Save for a few exceptions (okay, fine, Jackson Hole; yes, we hear you Entire Northeast) beautiful, shreddable snow has been in short supply over the past few seasons. Which means the hype around El Niño has found a hungry audience—us to be exact.
Predictions vary widely, but some meteorologists think the powder-heavy winters of 1982 and 1997 are a good reference. So whether it’s a day pass at your local hill, or a ski destination trip, we decided to poll some meteorologists, backcountry guides, and athletes on the top places to take advantage of this winter’s El Niño.
COLORADO, MONTANA and WYOMING
Southern Colorado is in luck this year. “You have a good chance of seeing above average precipitation,” says Tom Di Liberto, meteorologist for the Climate Prediction Center at the National Oceanic and Atmospheric Administration (NOAA). Backcountry guide Dick Jackson says that big dumps of snow from El Nino could then result in a more stable snowpack—and thus safer and more fun backcountry skiing. “In general, more snow translates to greater stability,” Jackson says. “For us, a big snowpack might be 6.5 ft. of snow. We have a shallow snowpack. If we can get a big snowpack, as a guide that allows me to relax a little bit more.” As always, you should follow day-to-day avalanche and weather forecasts before venturing into the backcountry.
While Southern Colorado is set, as you move north through the Rockies you’re less likely to see a banner year, Di Liberto says. Northern Colorado, Montana, and Wyoming are likely in for drier-than-average winters this time around.
Tahoe could go either way—but we’re betting on snow. In general, El Nino makes a dividing line that starts around the level of Sacramento and reaches across the US from west to east. Below the line is wetter, and above the line is warmer and drier. The line wobbles around, but is still a good rule of thumb for what to expect.
Tahoe, as it happens, is also right around this dividing line. “When we have above average precip in California it’s always hard to predict,” Di Liberto says. “Sometimes the stronger the El Nino, the more widespread the impact is. We’ll have lots of rain in Southern California but it’s hard to say for Northern California.”
Meanwhile, Tahoe locals like pro skier Elyse Saugstad are staying cautiously optimistic. “We’re hoping that the temperatures are just cold enough that we get snow instead of rain,” Saugstad says. “My fingers and toes are crossed.”
Get ready for some of that famous Utah powder. “The southern states like Utah, Arizona, and New Mexico are all going to do well this year,” says Dr. Elizabeth Austin, an atmospheric physicist and frequent consultant for ski resorts across the country. These states will be winners in what is likely to rank as one of the top three or four El Ninos in recorded history. “This is just such a big El Nino,” Austin says. “The pool of water is huge.”
The Northeast, it turns out, just isn’t that affected by El Nino. The area will be more dominated by local weather patterns, so keep an eye on your regional forecasts.

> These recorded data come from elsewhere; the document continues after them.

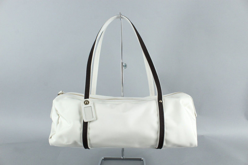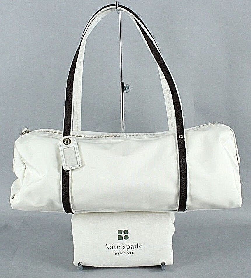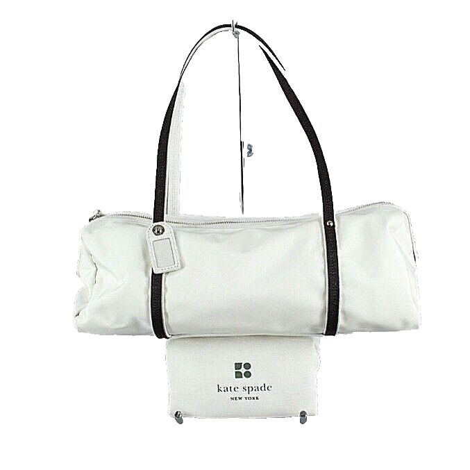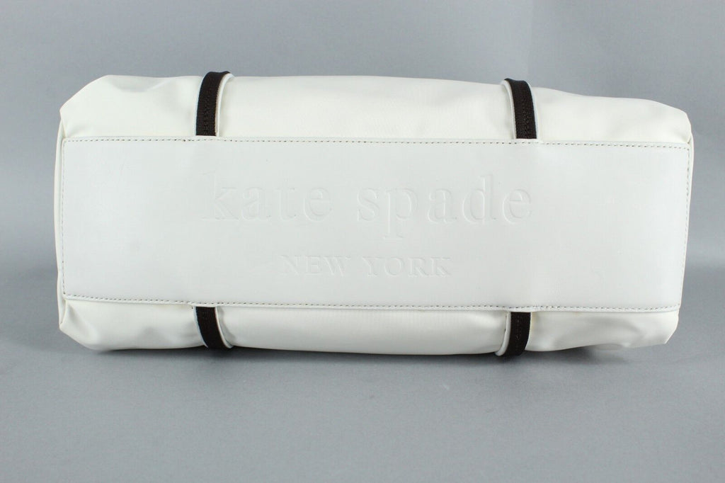 Kate Spade 14 x 5 Ivory Nylon Brown Gold Zip Nylon Water Resist Lining Purse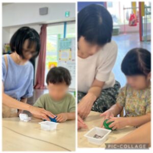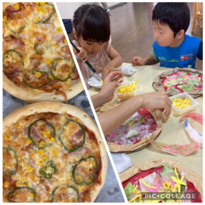 スライムを作ったり、工作でピザを作ったり、園庭で遊んだ後よーいどんのかけっこをしたり、楽器を使って音楽遊びをしたりしました♪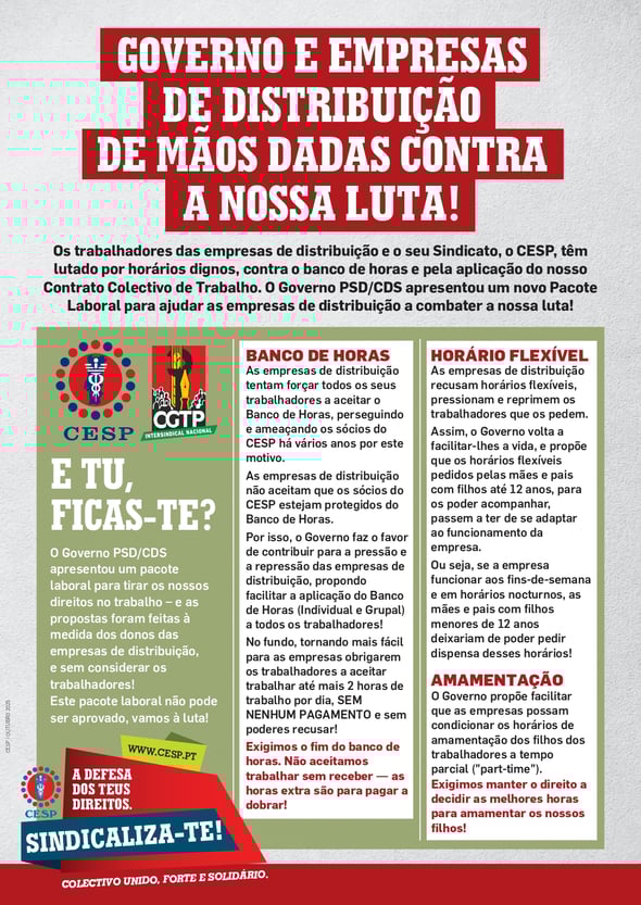 Contrato Coletivo de Trabalho entre a Associação Patronal APED (Associação Portuguesa de Empresas de Distribuição) e a FEPCES (Federação Portuguesa dos Sindicatos do Comércio, Escritórios e Serviços — que o CESP integra) e outros Sindicatos.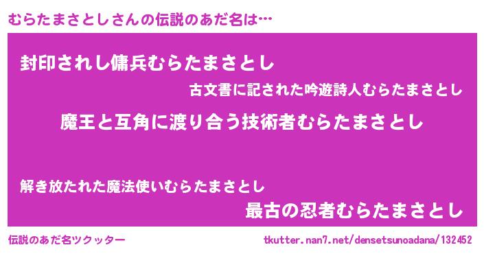 | 意味不明あだ名 | 『住所不定無職むらたまさとし(8歳)』 |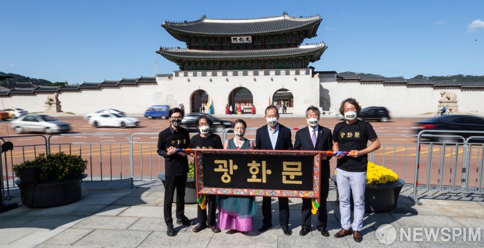 [서울=뉴스핌] 윤창빈 기자 = 광화문 현판 훈민정음체로 시민모임이 8일 오후 서울 종로구 광화문광장에서 광화문 현판을 ’門化光‘ 대신 훈민정음체 한글 ’광화문‘으로 변경하길 촉구하는 기자회견을 개최하고 퍼포먼스를 하고 있다. 2020.10.08 pangbin@newspim.com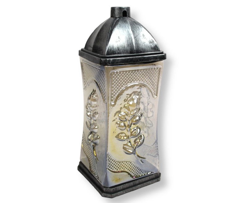 Znicz szklany kapliczka TRAPEZ 3 szyba mini RÓŻA SREBRNA 25 cm - 1 szt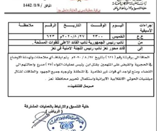 وجاءت البرقية الموجهة من علي محسن الأحمر، عطفاً على برقية سابقة بتاريخ 27/ 8/ 2020م وهو نفس التاريخ الذي شنت فيه قوات المحور حملة انتهاكات واقتحامات طالت منازل عديد من ضباط وقيادة اللواء 35 مدرع المناوئة للإصلاح بمن فيهم منزل العميد عدنان الحمادي.

PACIFIC NORTHWEST AND ALASKA
Alas, the Northwest will not be a beneficiary of El Nino this year. “It will be drier in Montana, Idaho, and the eastern sides of Washington and Oregon,” says Di Liberto. “In Alaska it’s going to be warmer than average. Precipitation in the Aleutians might be drier than average, but other than that there’s no big tilt in precipitation.”
In short, the Southwest and southern Colorado are golden, Tahoe could go either way, and everywhere else is a wash. The places that are good this year are likely to be incredibly good, so get out there and shred.